When I was growing up in Victoria, the “real” Aborigines were conceptualized as belonging somewhere else – “Up North”, or in “The Centre”. In Victorian homes, Aboriginal designs and portraits of indigenous people appeared as decoration on tea- towels and dinner plates, along with graphic reproductions of Australian flora and fauna. The perennial image was of the Aboriginal man in a red lap-lap, standing on one leg and leaning on his spear, one hand shielding his eyes from the sun as he stared into the distance. Women and their cherubic children, usually naked, were often depicted in groups or pairs, sitting cross-legged on the ground.
When the romantic sculptor, William Ricketts, wanted models for his highly idealized sculptures of Aboriginal people, he traveled from his studio in Mt Dandenong2 all the
way to Arnhem Land to find them. Ricketts, described as an eccentric who held strong views about the power of Aboriginal “spirituality” to heal the land, saw no contradiction in looking for the containers of that spirit in a faraway place, despite the fact that the traditional custodians of the place where he lived and worked still lived in Victoria. The appropriation of Aboriginal motifs and the romanticized depiction of tribal peoples by white film directors, artists and designers could be regarded as paradoxical, given that the popularity of these cultural products coincided with a period in which Aboriginal people themselves were often treated very poorly and relegated a social position that could, at best, be described as marginal.

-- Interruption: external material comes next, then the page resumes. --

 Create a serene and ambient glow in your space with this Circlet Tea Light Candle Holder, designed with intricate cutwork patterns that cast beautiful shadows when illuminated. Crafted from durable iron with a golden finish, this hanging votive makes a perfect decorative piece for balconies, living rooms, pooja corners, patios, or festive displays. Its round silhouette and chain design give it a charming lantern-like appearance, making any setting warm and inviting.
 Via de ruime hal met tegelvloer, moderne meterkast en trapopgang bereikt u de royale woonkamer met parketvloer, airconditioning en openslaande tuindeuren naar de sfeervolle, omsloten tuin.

For more than 200 years, the cultural differences between Aborigines and whites in Australia have been interpreted according to the perceptions of the white majority, which has constructed Aboriginality as either the exotic or the abject Other. In the current era, the representation of Aboriginal people remains fairly stereotypical. Despite the recent advent of a spate of films that have sensitively portrayed Aboriginal themes3, indigenous
representation in the entertainment industry has tended to present Aboriginal people in stereotypical roles oriented towards an historical approach. At the time of writing, only three indigenous entertainers (the actors Deborah Mailman and Aaron Pederson and television presenter Ernie Dingo) were seen regularly on television or in films in contemporary urban roles that did not depend on the fact that they were Aboriginal.

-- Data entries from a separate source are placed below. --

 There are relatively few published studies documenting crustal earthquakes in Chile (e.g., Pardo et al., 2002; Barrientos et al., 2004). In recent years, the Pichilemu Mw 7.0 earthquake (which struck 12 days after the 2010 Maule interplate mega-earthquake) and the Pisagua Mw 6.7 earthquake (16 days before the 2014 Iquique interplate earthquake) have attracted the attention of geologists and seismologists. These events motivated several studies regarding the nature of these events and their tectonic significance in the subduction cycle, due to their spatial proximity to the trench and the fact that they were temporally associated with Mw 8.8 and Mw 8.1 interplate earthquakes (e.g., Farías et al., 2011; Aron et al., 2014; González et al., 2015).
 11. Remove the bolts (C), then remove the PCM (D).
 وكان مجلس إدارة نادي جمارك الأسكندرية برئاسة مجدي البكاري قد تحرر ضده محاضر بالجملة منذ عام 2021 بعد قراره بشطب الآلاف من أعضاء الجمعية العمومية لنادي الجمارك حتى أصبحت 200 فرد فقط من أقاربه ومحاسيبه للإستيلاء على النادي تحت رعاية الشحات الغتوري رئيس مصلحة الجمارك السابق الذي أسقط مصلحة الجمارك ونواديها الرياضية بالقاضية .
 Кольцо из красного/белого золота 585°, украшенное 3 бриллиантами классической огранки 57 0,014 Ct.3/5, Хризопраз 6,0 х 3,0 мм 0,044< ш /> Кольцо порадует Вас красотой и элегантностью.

The main premise of the current thesis is that cultural differences exist between Aboriginal and white Australians, differences which have contributed to
misunderstanding and miscommunication between the two groups at the cultural
interface. As long ago as the 1930s, William Cooper (Attwood & Markus, 2004) asserted that white Australians needed to learn to “think black”, in order to truly understand the country itself and our place in it. Before we can attempt to think black, however, white Australians first need to recognize and accept the ways that the cultural frames which hold our individual identities in place have been based on “thinking white”.

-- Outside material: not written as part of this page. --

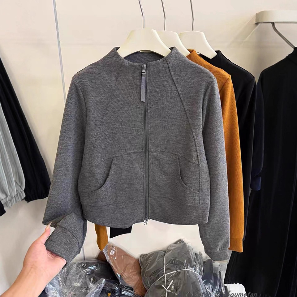 欧洲站2025秋季立领飘带拉链落肩插肩袖压线休闲长袖卫衣开衫上衣
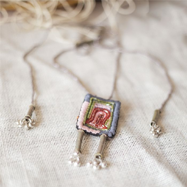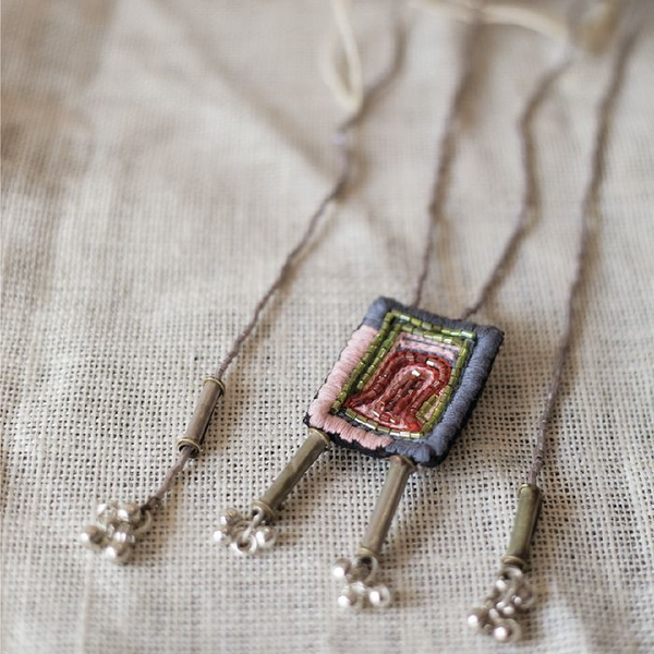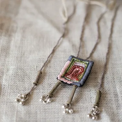 The product is made using grey fabric and cotton embroidery threads. It is embellished using katdana, tubes, and ghungroos. The product depicts the story of the traditional tribe of Lambanis. Material Used Grey fabric, Silver tubes, Katdana, Ghungroos and cotton embroidery threads MADE IN INDIA

My central argument here is that, before white Australians can enter into a dialogue of reciprocal relations with indigenous Australians, they/we need to come to an
understanding of the ways that the cultural frame of whiteness has led to Australian identities being imagined and represented in particular ways, and that these “white” frames have acted to exclude or marginalize the Aboriginal presence in Australia.